El pabellón deportivo de Sant Julià de Ramis (Girona), donde tenía previsto votar el presidente de la Generalitat, Carles Puigdemont, ha sido uno de los escenarios más problemáticos en estas primeras horas.

Medio centenar de policías y guardias civiles han entrado hacia las 9:15 horas en el pabellón para requisar las urnas y el material para votar.

Más de un centenar de personas que estaban concentradas en el exterior del pabellón han intentado impedir entrar en el colegio, momento en que los agentes han intervenido y varios de los concentrados han caído al suelo.

Puigdemont ha decidido finalmente no acudir al colegio electoral de Sant Julià de Ramis, donde está empadronado, y ha ido a votar a Cornellà de Terri, a una quincena de kilómetros de Girona.

La posición de la prensa

La Vanguardia hace un "llamamiento a la serenidad" en una pieza titulada "Por el bien de todos". En el artículo, el diario aprecia "riesgo" de que el clima de desencuentro político "se traslade a la calle y se agrave en ella".

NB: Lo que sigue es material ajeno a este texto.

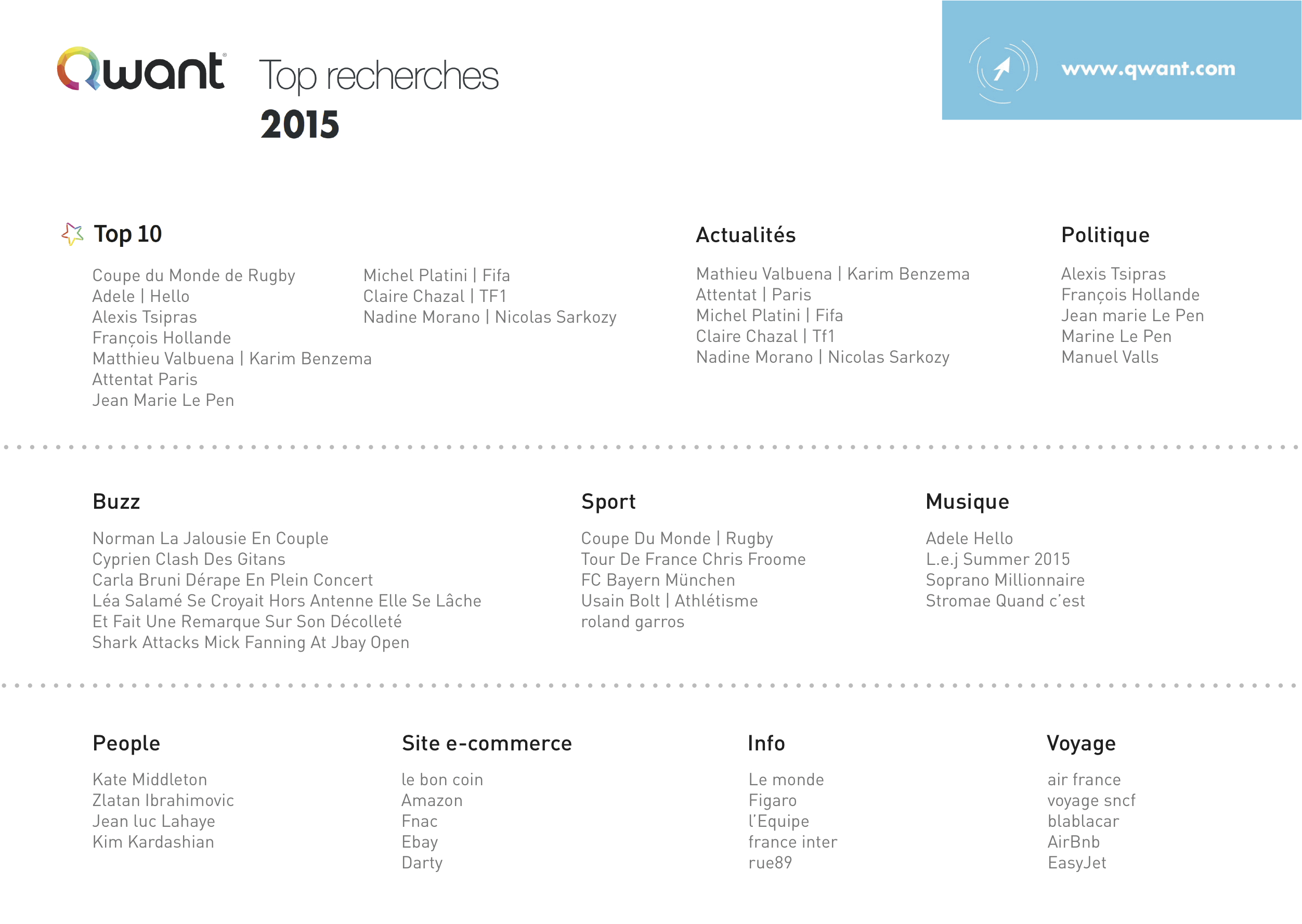 Le moteur de recherche français et européen Qwant, dévoile aujourd’hui son classement pour l’année 2015. Après une année record où il a plus que doublé son audience, avec 7,1 millions de visiteurs unique en novembre, Qwant présente le TOP 10 des recherches toutes catégories, où la Coupe du Monde de Rugby arrive en tête, mais également le classement pour différentes catégories.

A juicio de La Vanguardia "no hay razones para dar apoyo alguno a una convocatoria de parte e ilegal" y que "es obvio que no reúne los mínimos requisitos democráticos ni presenta las garantías imprescindibles".

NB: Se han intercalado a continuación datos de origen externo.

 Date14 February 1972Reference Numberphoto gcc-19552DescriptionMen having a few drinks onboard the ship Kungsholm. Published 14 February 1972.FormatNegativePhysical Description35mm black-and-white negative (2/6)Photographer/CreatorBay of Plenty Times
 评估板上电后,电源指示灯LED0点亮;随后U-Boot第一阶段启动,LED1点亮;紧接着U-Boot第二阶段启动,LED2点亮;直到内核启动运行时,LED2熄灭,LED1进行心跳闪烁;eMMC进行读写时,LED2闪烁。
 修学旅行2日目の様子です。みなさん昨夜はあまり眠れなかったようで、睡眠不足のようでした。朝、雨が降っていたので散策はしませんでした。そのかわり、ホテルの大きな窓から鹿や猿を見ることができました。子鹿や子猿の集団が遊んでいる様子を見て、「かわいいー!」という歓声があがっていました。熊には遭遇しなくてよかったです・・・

Considera el diario radicado en Barcelona que el 1-O será "muy probablemente" una "gran movilización popular" y concluye que el encaje de Cataluña en España "precisa de una revisión".

El Periódico expone en "Democracia, ley y convivencia" que el independentismo ha superado en los últimos meses "todos los límites imaginables" en el plano legal, político y cívico. Y califica de "fiasco", al margen de lo que hoy ocurra, el intento de organizar un referéndum "sin una clara mayoría en el Parlament, sin el acuerdo con el Estado y sin ningún aval internacional".

El diario editado en Barcelona lamenta que la consulta promovida por la Generalitat no haya conducido "a ninguna otra parte que a la pérdida del autogobierno catalán" y que el "empecinamiento en la desobediencia" del Govern haya trasladado el conflicto político a las calles y haya puesto en jaque la convivencia.

Según su editorial, cualquier intento de los dirigentes promotores del 1-O de presentar unos resultados que avalen una declaración unilateral de independencia dejaría a los líderes "invalidados" para "asegurar la convivencia y afrontar el diálogo que ha de llegar".